The Ninth Circuit today took on the issue of whether lying directly to a judge is the same thing as lying to, like, people the judge knows. Quoting from Judge Susan Graber’s opinion:
Any person who knowingly and willfully makes a materially false statement to the federal government is subject to criminal liability under 18 U.S.C. § 1001(a). Congress chose to exempt from criminal liability, however, false statements submitted to a judge by a party to a judicial proceeding. 18 U.S.C. § 1001(b). We must decide whether the exception in § 1001(b) for “statements . . . submitted by [a] party . . . to a judge” encompasses a false statement submitted to the judge in a presentence report (“PSR”), when the defendant in a criminal proceeding made the false statement to the probation officer during the defendant’s presentence interview, rather than to the judge directly.
The defendant, William Cody Horvath, had pleaded guilty to being a fugitive in possession of a firearm. In the process of copping his plea, Bill tried to buffalo his way past the judge with the assertion that he’d served in the Marine Corps. Maybe he figured he’d do less time for illegally possessing a gun if the court thought he kept it clean, and could field strip it in under a minute.
Horvath knows, apparently, that a good lie is in the details: He awarded himself a Purple Heart for action in Panama, and the trial judge bought his story. Unfortunately for Horvath, though, the panel paid a lot of attention to other details.
The absence of documentary confirmation from the Marine Corps led the district court to question Defendant at the sentencing hearing about his alleged military service. Defendant was not put under oath, but his answers ultimately convinced the court of the truthfulness of his fabrications. In sentencing Defendant, the court relied on several mitigating factors, including Defendant’s military service, to impose a lenient sentence: “I am going to go out on a limb in this case, Mr. Horvath, and what I’m going to do is put you on probation.”
Four years later, the government somehow discovers that Horvath is only about as honest as you’d expect an armed fugitive to be, and filed charges. Horvath’s lawyer argued that, his client having lied to a judge and to a probation officer required to file his findings to a judge, the case should be dismissed due to that exception in 18 U.S.C. § 1001 about it being more okay to lie to judges than to the other two branches of government.
Graber, with Judge Harry Pregerson watching her back, picked apart the statute for a fine-point ruling:
We hold that when, but only when, the probation officer is required by law to include such a statement in the PSR and to submit the PSR to the judge, the statement falls within the exception in § 1001(b). We therefore reverse the district court’s denial of Defendant’s motion to dismiss the indictment.

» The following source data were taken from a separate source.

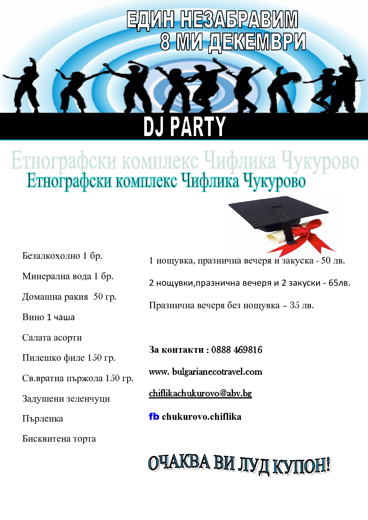 Допълнителна информация:Офертата е за 8ми декемри 2012 г., можете да видите чрез линка: https://www.facebook.com/chukurovo.chiflika |
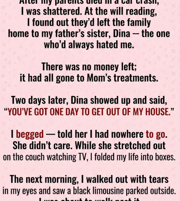 āYour parents set up a contingency clause,ā Sterling explained. āIt was a test of character. The terms were simple: If Dina took you in and cared for you despite there being āno money,ā the family trustāworth roughly five million dollarsāwould be unlocked and split evenly between the two of you.ā
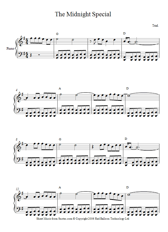 Midnight Special Solo sheet music for Piano download free in PDF or MIDI from musescore.com Last updated december 14, 2020. There is a skiffle version by lonnie donegan, and recordings by credence clearwater revival, harry belafonte and van morrison, amongst others. Written by jimmy smith) album: The midnight special remastered 2017 — the brothers four. Find information about midnight special listen to midnight special on allmusic. verse 1 well, well, well, well, well wake up early in the morning hear the chorus let the midnight special shine a light on me let the midnight special shine it's ever loving. The midnight special was a steam locomotive train that passed the louisiana state prison; It's light shines into the sugar land prison in texas.
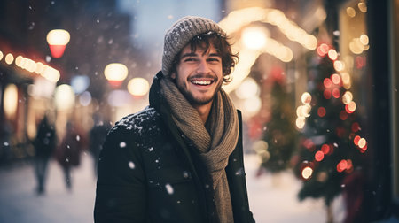 Portrait of a smiling young man walking on the street during snowfall
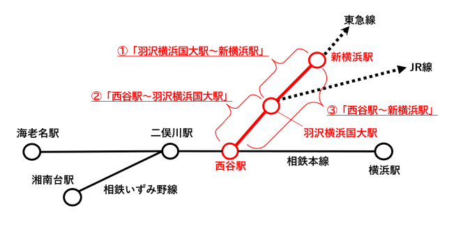 - 定期区間に「羽沢横浜国大駅~新横浜駅」、「西谷駅~羽沢横浜国大駅」または「西谷駅~新横浜駅」のいずれかを含むこと
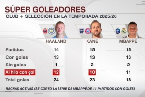 体育资讯10月23日讯 ESPN统计了哈兰德、凯恩、姆巴佩本赛季俱乐部+国家队的数据,并做出对比。
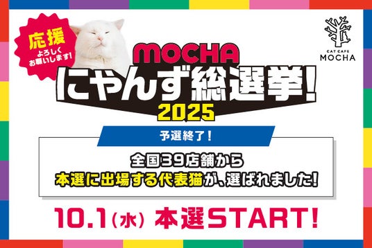 「猫と過ごす、豊かなひととき」をコンセプトとし、全国に猫カフェを展開するリポット株式会社(本社:東京都新宿区、代表取締役社長:守永圭治)は2025年9月25日(水)に予選となる各店舗総選挙の結果を発表し、2025年10月1日(水)より、「MOCHAにゃんず総選挙2025」本選投票をスタートいたします。
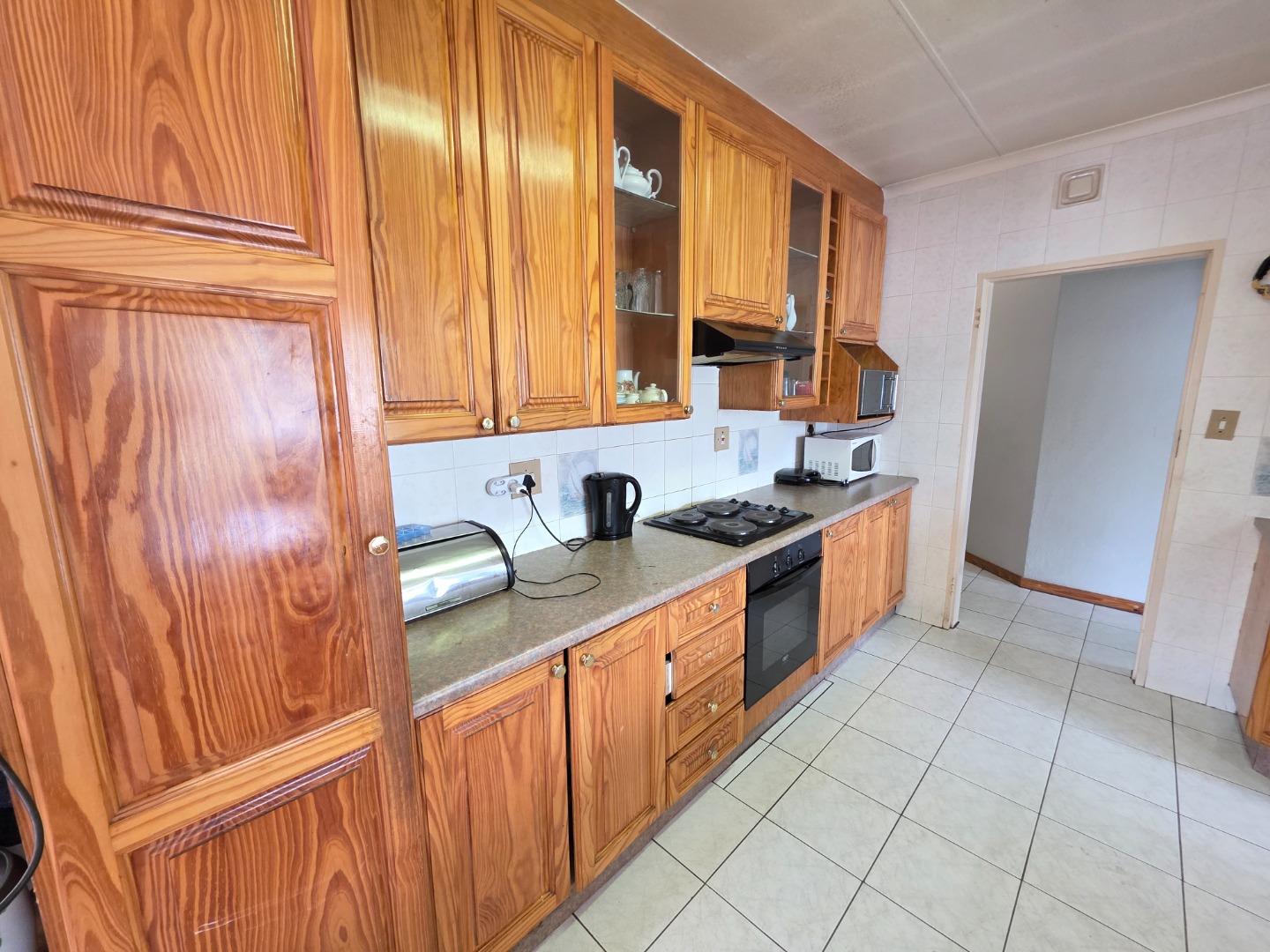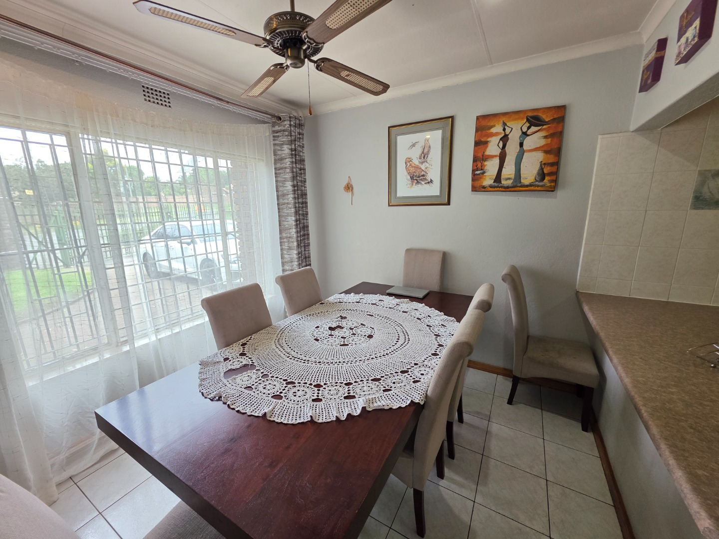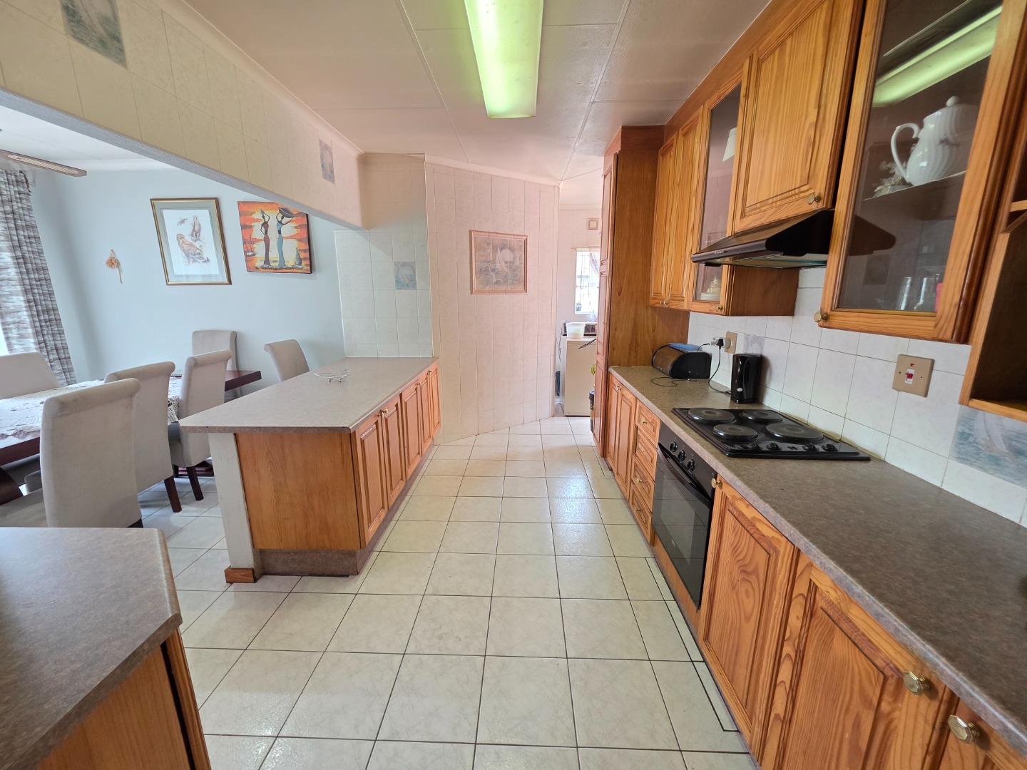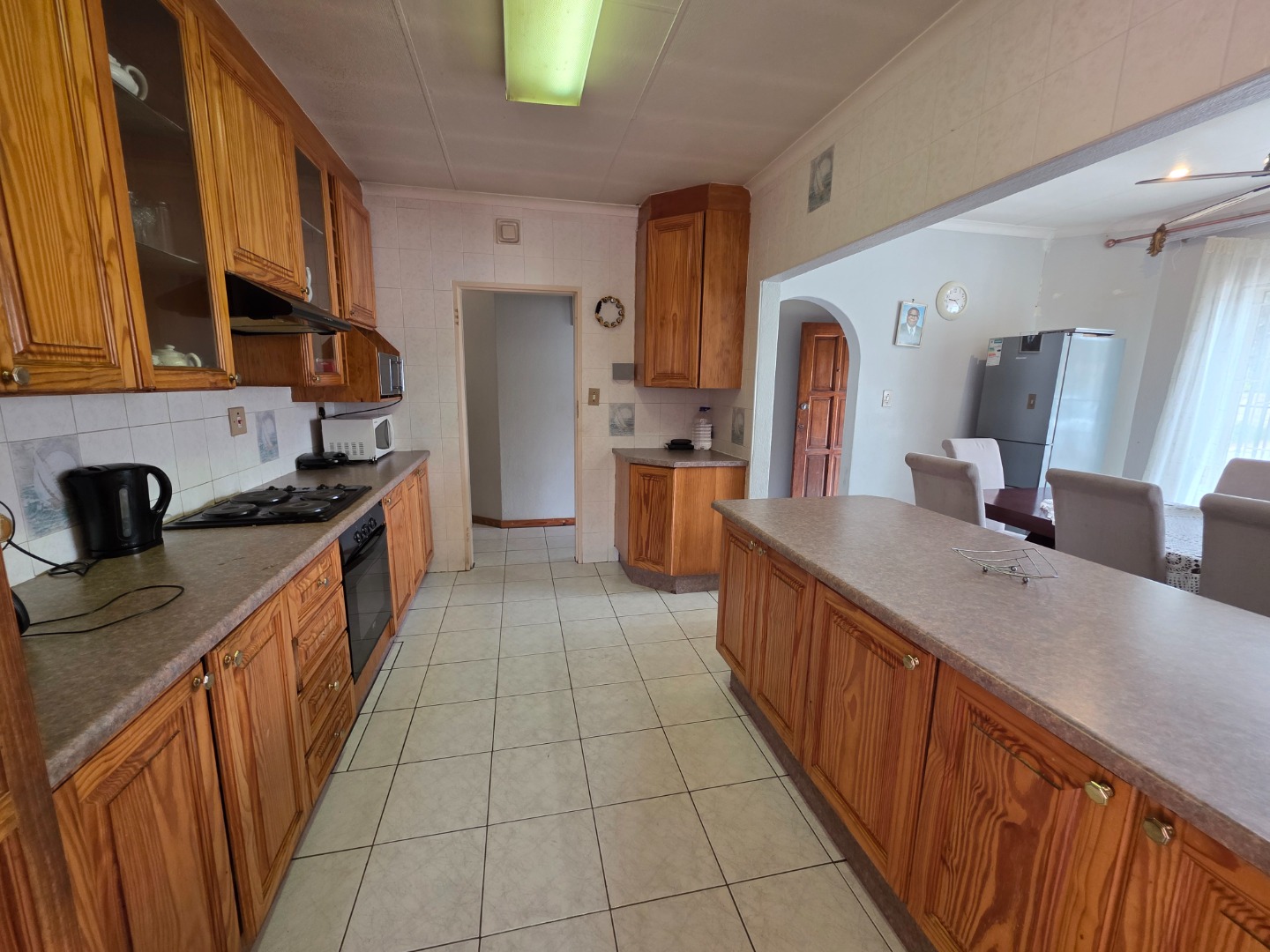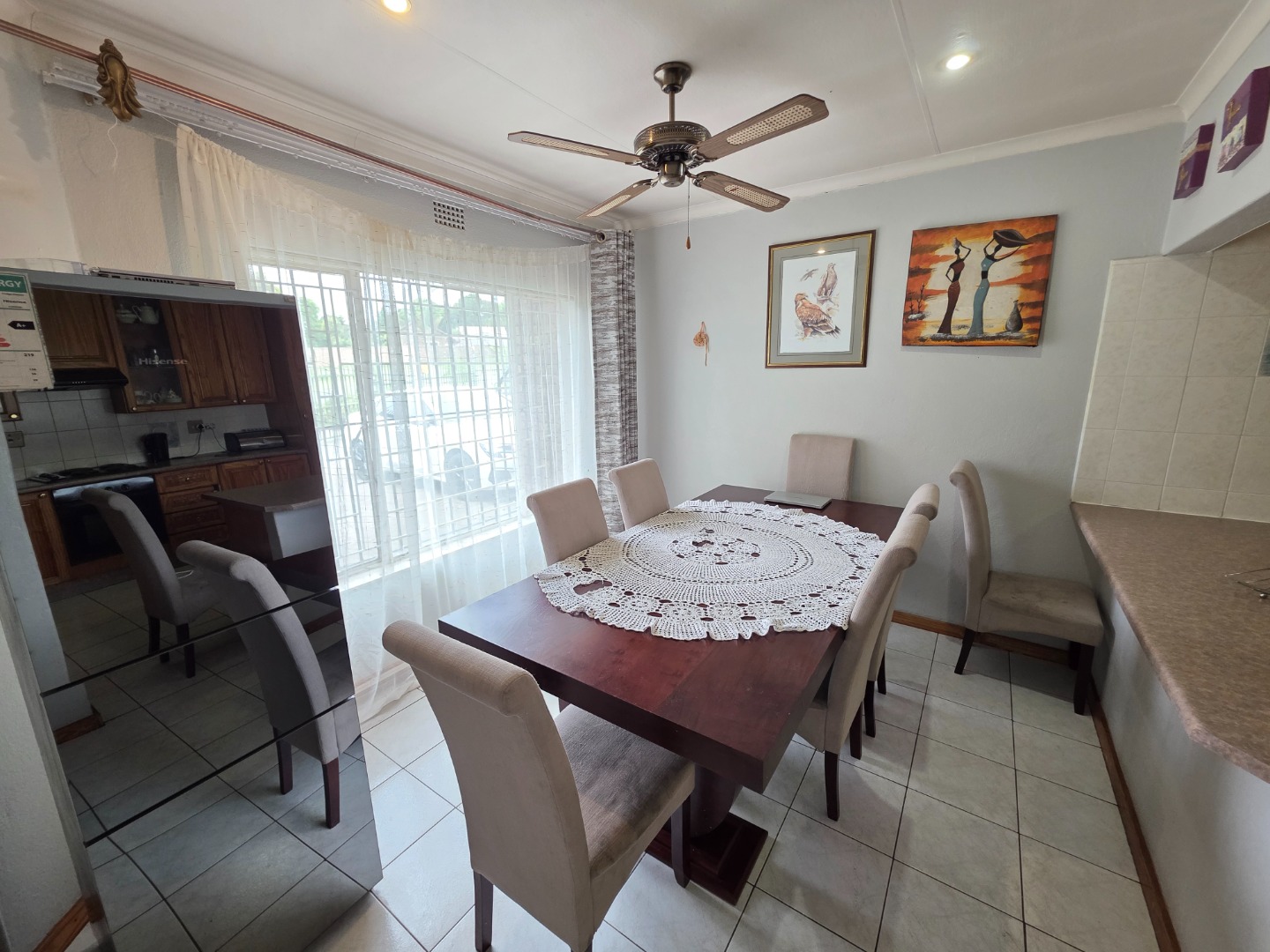 Step inside to find a spacious interior designed for comfortable living. The inviting lounge and dining areas are bathed in natural light from large windows, complemented by tiled flooring and ceiling fans. The functional kitchen, featuring ample wooden cabinetry, generous counter space, a built-in oven, and a hob, seamlessly connects to the dining area via a practical breakfast bar, ideal for family meals.
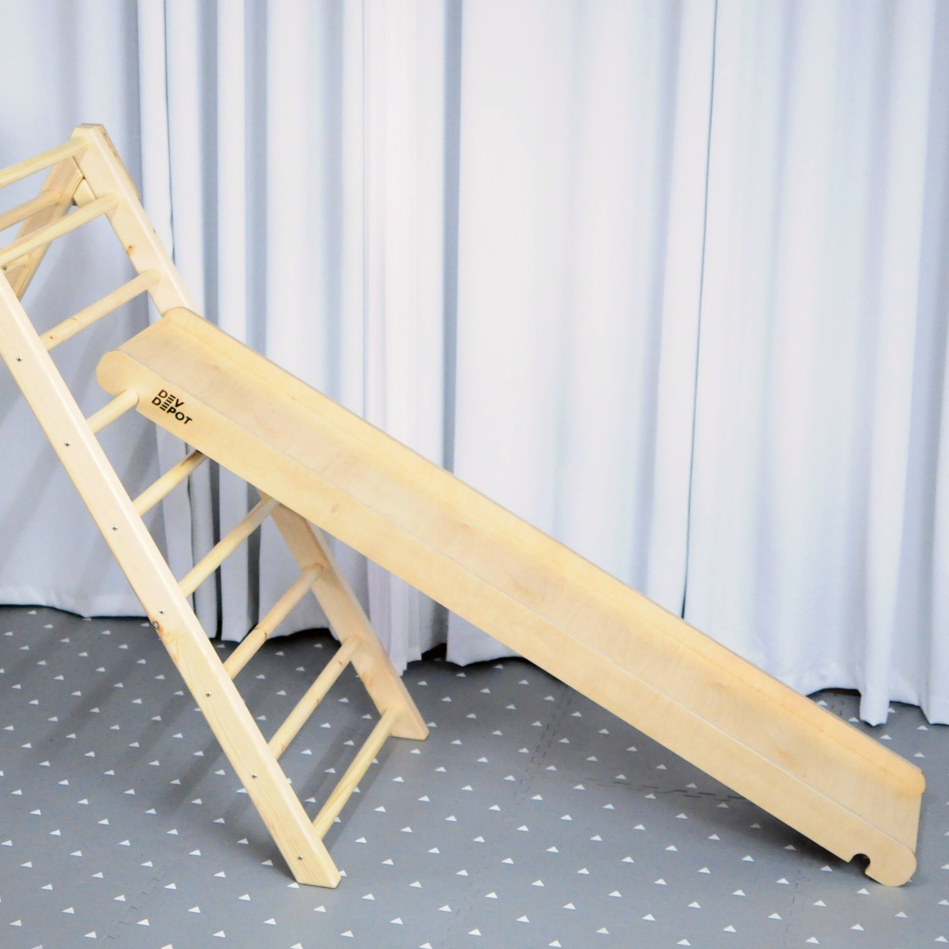 Our take on the traditional playground slide with side rails. A crowd favorite - especially for older climbers with advanced motor skills!

In dissent, Judge Pamela Rymer makes the point finer. She argues that while a clerk who merely hands a document to a judge is a conduit rather than a filter, she disagrees with the majority’s take that the probation officer drafting a report to the court is the same empty transmitter, thus putting no layer between lying non-Marines and the judges they would deceive.
No matter how apparent it may be to my colleagues, it is not obvious to me that the probation officer “exercised no discretion in including Defendant’s false statement made during the presentence interview.” I am pretty sure that this information, like all information, was in the report because of the probation officer’s judgment that it should be.
Gracious in disagreement, though, Rymer launches her dissent thusly: “Given that the majority sees the statute differently from the way I do, I take comfort in its effort to craft a narrow rule.”
So, there you have it. United States v. Horvath is a finely tailored Ninth Circuit primer on what puts the lie in liability.
— Brian McDonough


This guy better hope he doesn't run across any real Marines.